На первой репетиции я потерялся – я танцую со знаменитой «Татой», со знаменитой Карсавиной! – и с первого же дня юношески коленопреклоненно (мне только что исполнился двадцать один год), восторженно влюбился в свою партнёршу. Карсавина очень хвалит меня, очень нежна и мила со мною – Сергей Павлович в восторге. Наступает премьера «Ромео и Джульетты». Я танцую с большим подъёмом, летаю по сцене – и во мне что-то летает и поёт внутри, сам чувствую, что танцую хорошо. Успех громадный – аплодисменты, цветы, масса цветов, в том числе от Сергея Павловича, и прекрасные розы с очень милой запиской от Тамары Платоновны («Самые сердечные пожелания блестящего успеха. Тамара Карсавина»). Я отношу цветы Карсавиной к себе в комнату, возвращаюсь в театр подождать Таточку, чтобы проводить её на ужин после премьеры. Жду её – появляется Сергей Павлович:

– Что ты здесь делаешь?

– Жду Тамару Платоновну.

Сергей Павлович ничего не говорит и уходит в ресторан раздраженный, злобно нахмуренный; я чувствую, что у него испорчено настроение. Через пять минут выходит Карсавина, мы все вместе ужинаем, я провожаю её и в радостном, легком настроении – после такого большого успеха премьеры – прихожу в свой номер. Смотрю – на столе нет моих роз, моих карсавинских роз. Открываю окно, перегибаюсь – карсавинские розы валяются на дворе. Во мне защемило и закипело всё от обиды: неужели Сергей Павлович выбросил розы мои, розы моего триумфа? И, новый Ромео, я наскоро сплетаю лестницу из полотенец и делаю первый шаг в пропасть... В это время вихрем влетает в мою комнату Сергей Павлович, за волосы хватает меня и вытягивает в комнату. Феноменальный скандал, от которого весь отель просыпается.

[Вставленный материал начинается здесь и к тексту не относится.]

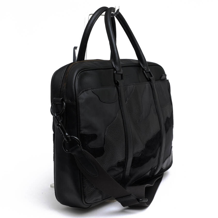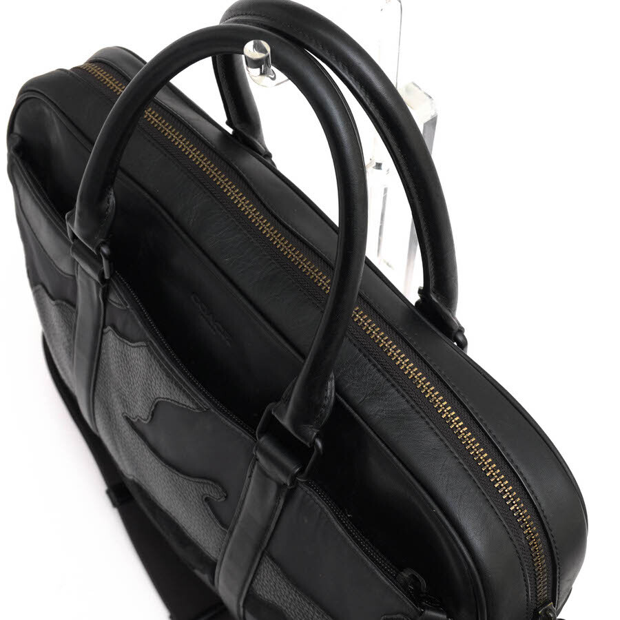 リファインドカーフやペブルドレザーなどの複数のマテリアルを用いた、高いデザイン性と高級感を兼ね備えたブリーフケース。多彩なポケットを備えB4サイズが楽々収納できるので、ビジネスシーンで大活躍。前面にはファスナー付ポケット、後面にはマグネット付ポケットもあり、さっと取り出したい小物の収納に便利です。 |

Вне себя, взбешенный, Дягилев кричит:

– Что за безобразие вы устраиваете в моей труппе!

Я не допущу, чтобы из моего театра устраивали вертеп, и выгоню в шею всех этих... которые на глазах у всех вешаются на шею моим танцорам. Хорош и ты, «первый танцор», раскисший от женской улыбочки. Я и её и тебя

выгоню из моего театра...

Сергей Павлович хлопает дверями с такой силой, что содрогаются двери во всём коридоре, и так же стремительно вылетает из комнаты.

На следующее утро просыпаюсь и слышу разговор в смежной комнате: мой постоянный старый друг и нянька, мой добрейший и очаровательнейший Павел Георгиевич пришёл его «урезонивать» и мирить со мной.

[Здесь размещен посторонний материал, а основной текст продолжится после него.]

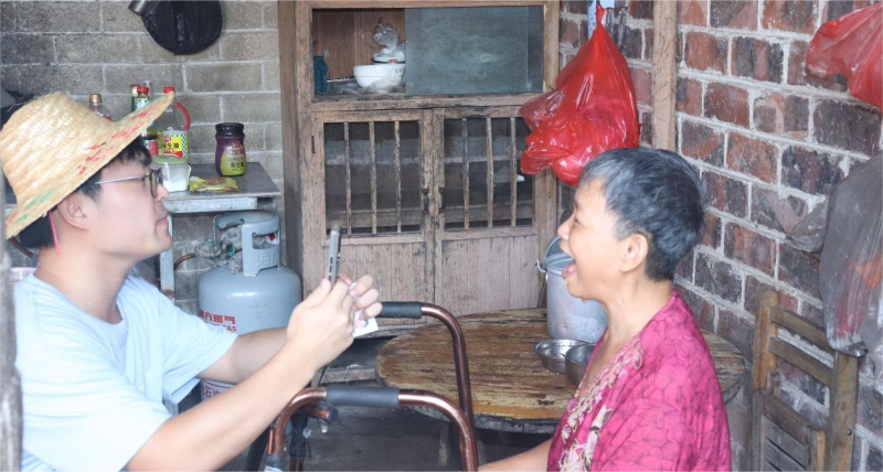 实践团成员们了解到岜盆乡那坡村的老人存在养老待遇资格认证的困难,便在村干部的带领下主动入户帮助行动不便、卧病在床的老人进行其相关操作。他们耐心地为老人进行认证的流程,帮助老人完成身份验证、信息填写等步骤。

– Я не так виню его, как её. Он ещё слишком неопытный, невинный мальчишка, а потому его нетрудно совратить всякой опытной женщине. Но какова Карсавина! Вот уж я никак не ожидал, чтобы она прельстилась на молодого смазливенького мальчика. А Лифарь и распустил слюни, и влюбился в неё. Ты увидишь, Павка, он всех нас бросит для неё. У них начинается серьёзный роман, и ты увидишь, чем это всё кончится...

– Какой вздор ты мелешь, Серёжа, как будто ты не знаешь нашего Серёжу и не знаешь неприступности Карсавиной! Какой роман ты выдумал! Сам же ты хо тел, чтобы Карсавина обратила внимание на него, ободрила его и дала ему веру в себя, и, когда Тата так мило, так хорошо признала его и даже прислала ему цветы,– ведь это же очень трогательно! – ты придумываешь Бог знает что и забираешь себе в голову вещи, которых нет и никогда не может быть.

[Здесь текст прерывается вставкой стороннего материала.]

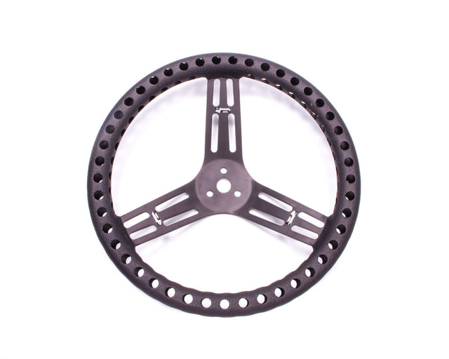 Steering Wheel - Lightweight - 14 in Diameter - 2.5 in Dish - 3-Spoke - Drilled / Shot Peened Grip - Aluminum - Black Anodized - Each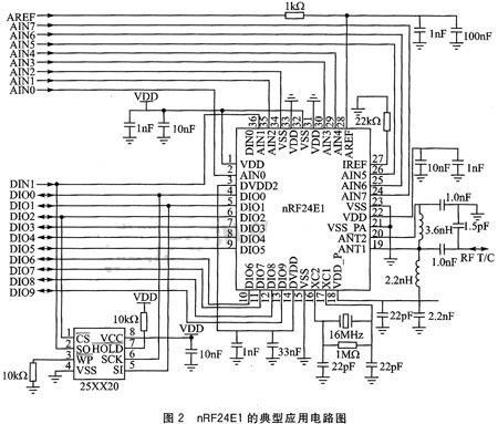 图2为nRF24E1的典型应用电路.从图中看到,采用Nordic nRF24E1无线单片机芯片设计的线路非常简单,外围零件很少,也非常容易进行设计开发.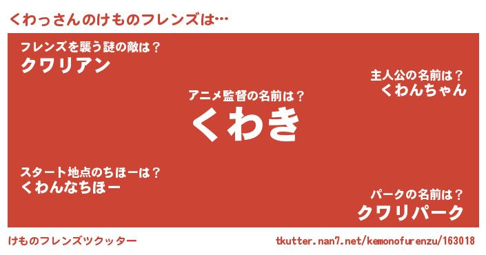 | 意味不明あだ名 | 『とにかく怪しいくわっ』『自称くわっ』 |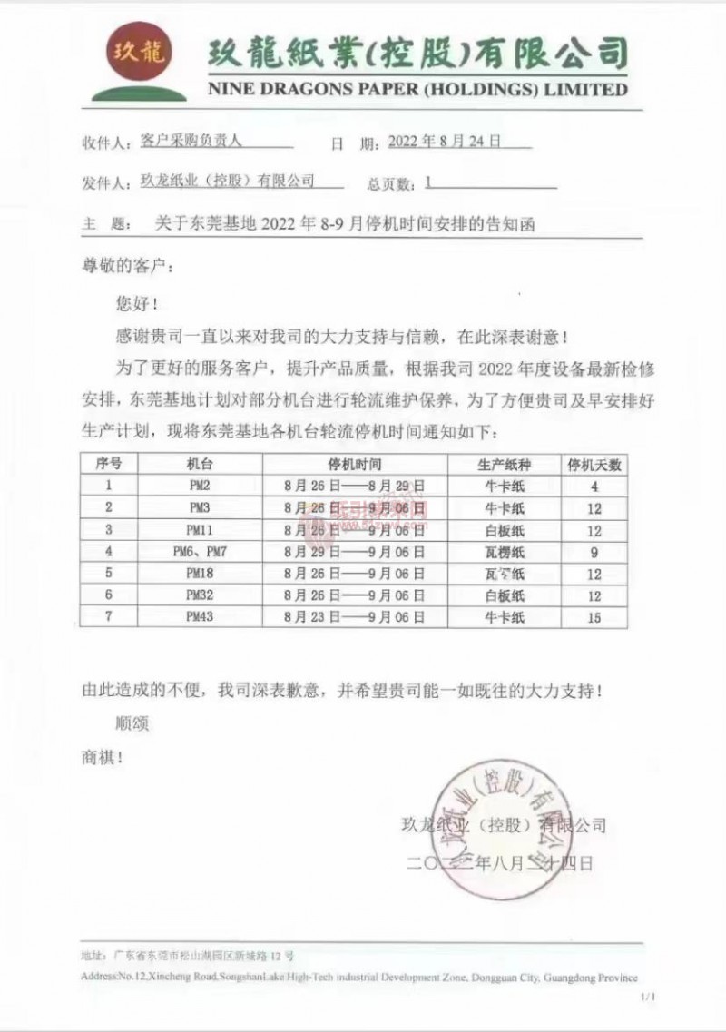 其它說明   8月24日廣東東莞玖龍停機(jī)檢修通知

– И Серёжу я прекрасно понимаю,– продолжал спокойно-рассудительно Павел Георгиевич.– Ведь ты подумай, как на него должно было подействовать, что он дошёл до самой Карсавиной, до знаменитой Карсавиной, и не только танцует с нею как равный с равной, но ещё получает от неё цветы. И я нахожу, что это очень трогательно, что он так дорожит цветами Карсавиной и хотел достать их. И не он, а ты, Серёжа, не прав – и тем, что его несправедливо обидел, и всеми этими скандалами, которыми только наталкиваешь его на вещи, о которых он совсем не думает...

Сергей Павлович понемногу утихомирился и позвал меня завтракать в Cafe de Paris. По дороге он делает укоризненно-печальное лицо и с глубоким вздохом говорит:

– Да, Серёжа, дожили мы до того, чего я уж никогда не ожидал от тебя. Ты подумай хорошенько о себе и о своём поведении. Даже такой друг твой, как Павел Георгиевич, твой постоянный защитник, возмущен на этот раз тобою.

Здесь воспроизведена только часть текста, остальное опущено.